_ACTION ITEM:_
Could you reproduce the entries exactly, omitting every picture?

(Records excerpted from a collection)
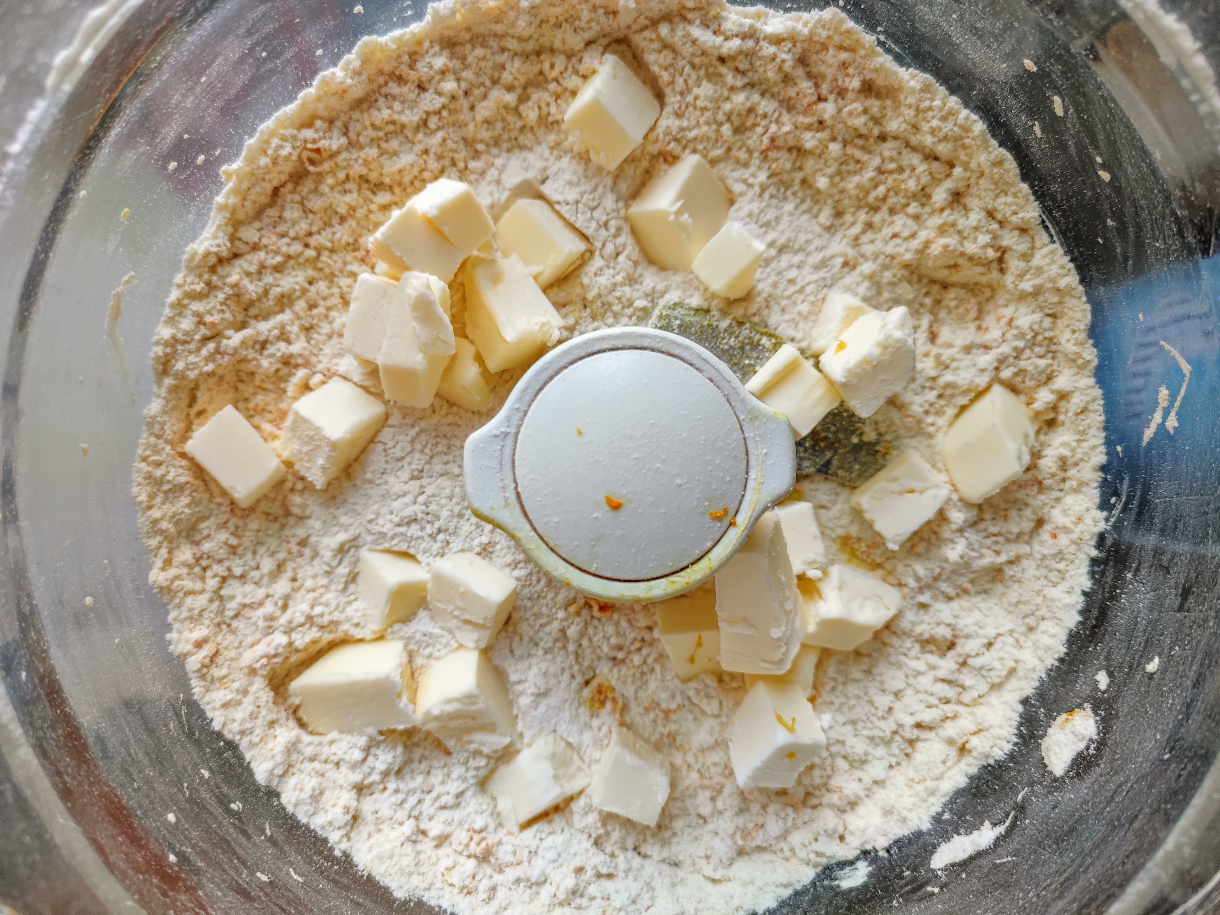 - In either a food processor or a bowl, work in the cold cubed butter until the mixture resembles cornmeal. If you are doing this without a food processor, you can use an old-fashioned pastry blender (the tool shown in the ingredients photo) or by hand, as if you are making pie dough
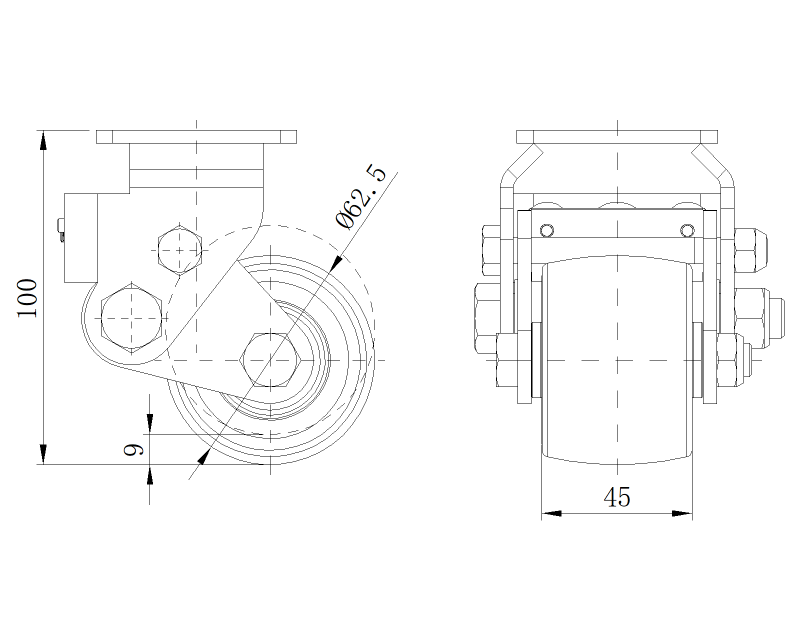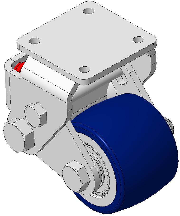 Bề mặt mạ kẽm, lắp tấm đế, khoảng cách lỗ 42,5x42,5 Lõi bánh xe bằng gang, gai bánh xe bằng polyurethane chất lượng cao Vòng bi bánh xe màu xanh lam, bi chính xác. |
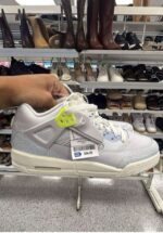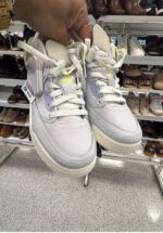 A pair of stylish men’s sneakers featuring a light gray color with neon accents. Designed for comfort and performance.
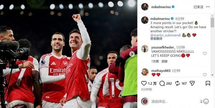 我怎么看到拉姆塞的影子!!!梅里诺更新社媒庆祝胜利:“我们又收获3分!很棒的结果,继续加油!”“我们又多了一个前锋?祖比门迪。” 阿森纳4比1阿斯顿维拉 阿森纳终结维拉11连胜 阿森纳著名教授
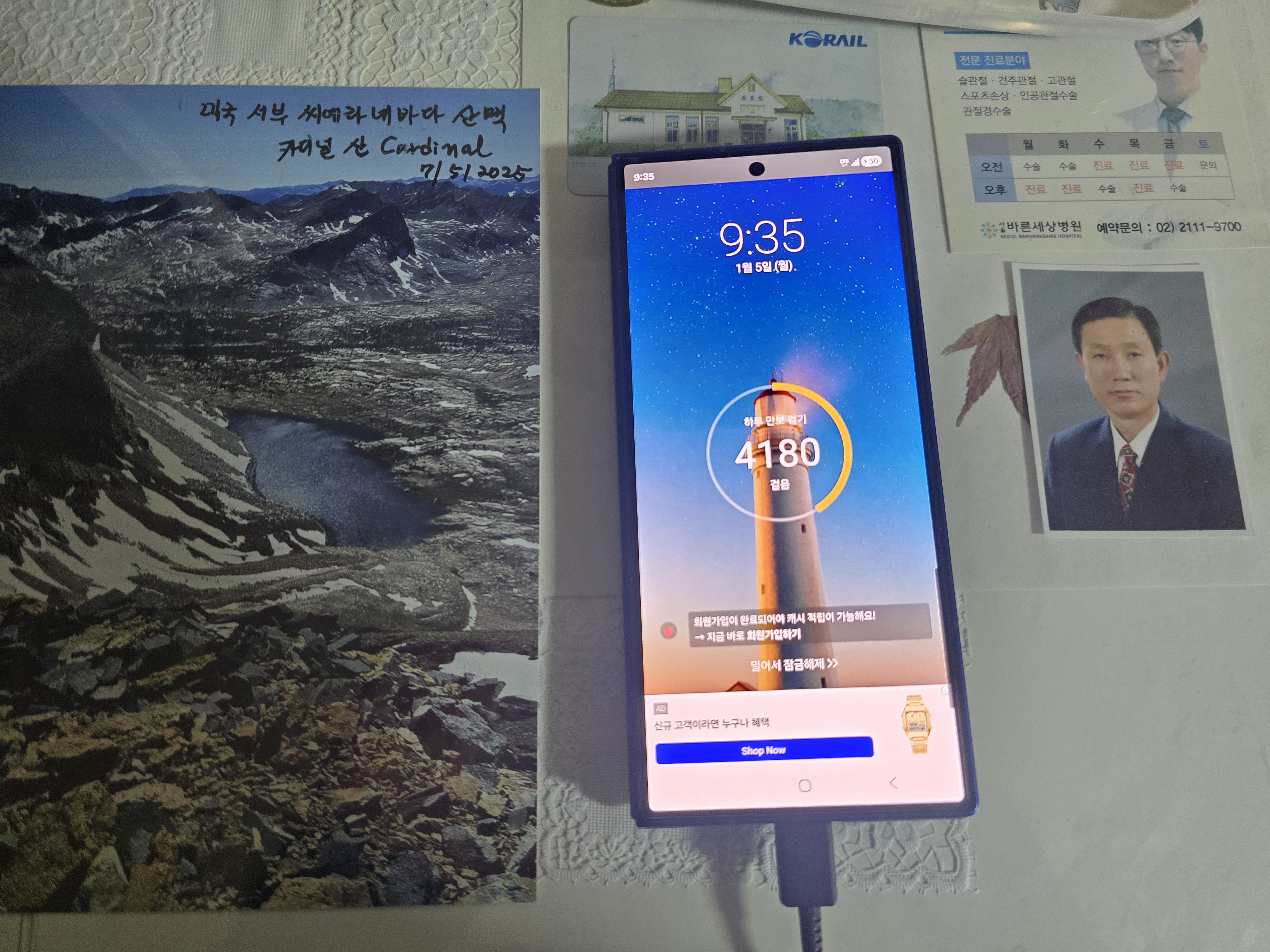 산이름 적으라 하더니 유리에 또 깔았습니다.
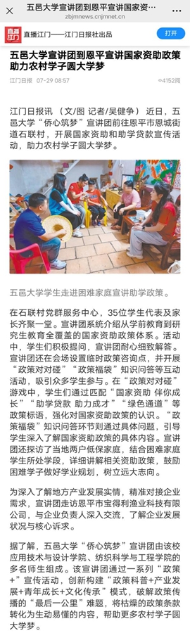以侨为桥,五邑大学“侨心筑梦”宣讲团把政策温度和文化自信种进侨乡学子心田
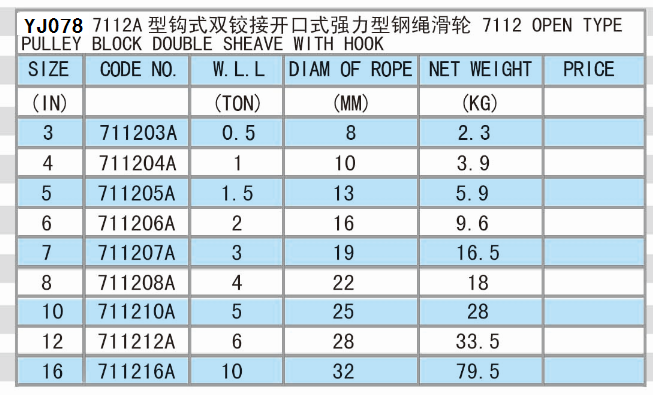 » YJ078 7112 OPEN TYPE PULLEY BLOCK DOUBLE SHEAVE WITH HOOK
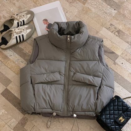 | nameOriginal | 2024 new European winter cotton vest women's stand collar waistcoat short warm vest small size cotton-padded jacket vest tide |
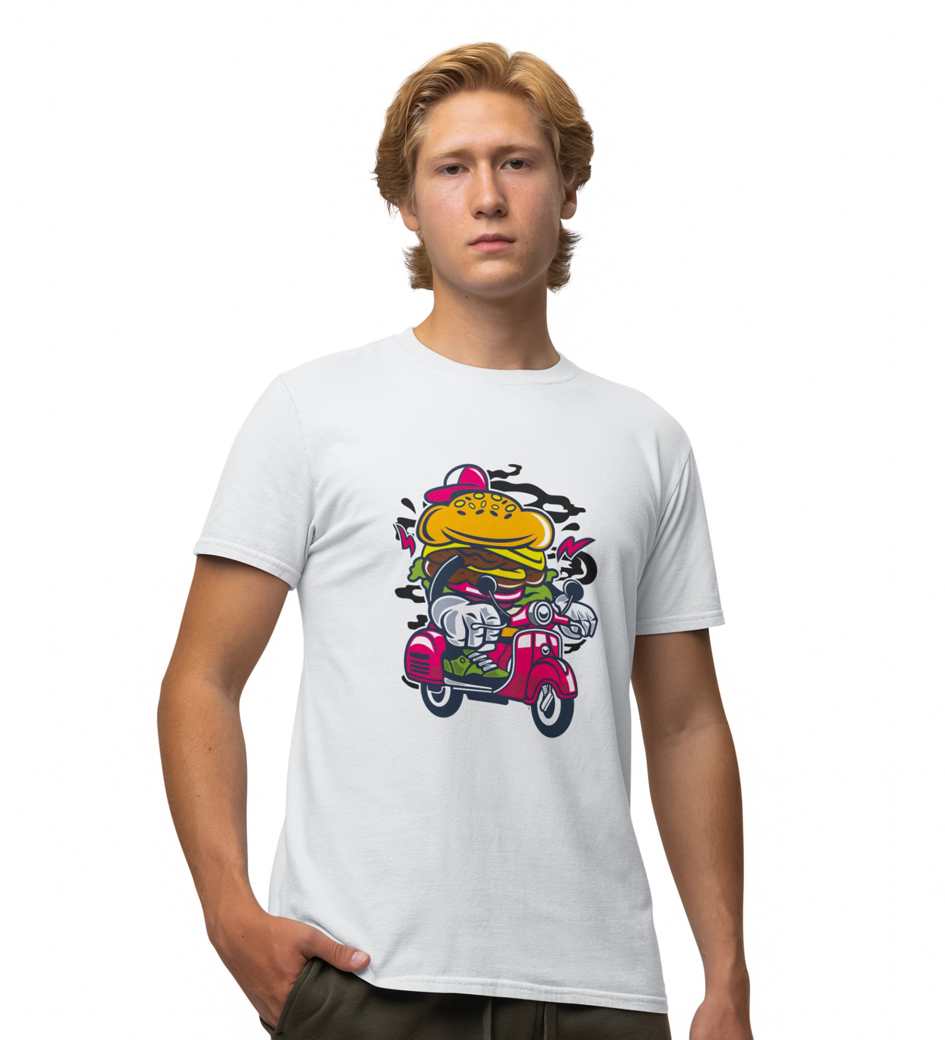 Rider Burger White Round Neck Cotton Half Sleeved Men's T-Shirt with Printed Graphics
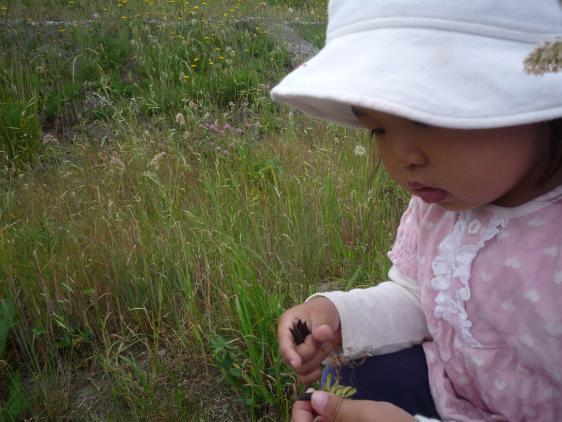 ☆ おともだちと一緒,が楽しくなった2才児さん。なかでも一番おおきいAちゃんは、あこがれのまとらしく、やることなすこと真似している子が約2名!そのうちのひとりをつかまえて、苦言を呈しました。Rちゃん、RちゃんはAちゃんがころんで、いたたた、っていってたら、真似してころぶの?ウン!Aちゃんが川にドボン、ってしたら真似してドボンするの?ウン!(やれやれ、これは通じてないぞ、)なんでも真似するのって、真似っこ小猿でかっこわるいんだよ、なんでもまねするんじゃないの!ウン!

_RESULT BELOW:_
 - In either a food processor or a bowl, work in the cold cubed butter until the mixture resembles cornmeal. If you are doing this without a food processor, you can use an old-fashioned pastry blender (the tool shown in the ingredients photo) or by hand, as if you are making pie dough
 Bề mặt mạ kẽm, lắp tấm đế, khoảng cách lỗ 42,5x42,5 Lõi bánh xe bằng gang, gai bánh xe bằng polyurethane chất lượng cao Vòng bi bánh xe màu xanh lam, bi chính xác. |
 A pair of stylish men’s sneakers featuring a light gray color with neon accents. Designed for comfort and performance.
 我怎么看到拉姆塞的影子!!!梅里诺更新社媒庆祝胜利:“我们又收获3分!很棒的结果,继续加油!”“我们又多了一个前锋?祖比门迪。” 阿森纳4比1阿斯顿维拉 阿森纳终结维拉11连胜 阿森纳著名教授
 산이름 적으라 하더니 유리에 또 깔았습니다.
以侨为桥,五邑大学“侨心筑梦”宣讲团把政策温度和文化自信种进侨乡学子心田
 » YJ078 7112 OPEN TYPE PULLEY BLOCK DOUBLE SHEAVE WITH HOOK
 | nameOriginal | 2024 new European winter cotton vest women's stand collar waistcoat short warm vest small size cotton-padded jacket vest tide |
 Rider Burger White Round Neck Cotton Half Sleeved Men's T-Shirt with Printed Graphics
 ☆ おともだちと一緒,が楽しくなった2才児さん。なかでも一番おおきいAちゃんは、あこがれのまとらしく、やることなすこと真似している子が約2名!そのうちのひとりをつかまえて、苦言を呈しました。Rちゃん、RちゃんはAちゃんがころんで、いたたた、っていってたら、真似してころぶの?ウン!Aちゃんが川にドボン、ってしたら真似してドボンするの?ウン!(やれやれ、これは通じてないぞ、)なんでも真似するのって、真似っこ小猿でかっこわるいんだよ、なんでもまねするんじゃないの!ウン!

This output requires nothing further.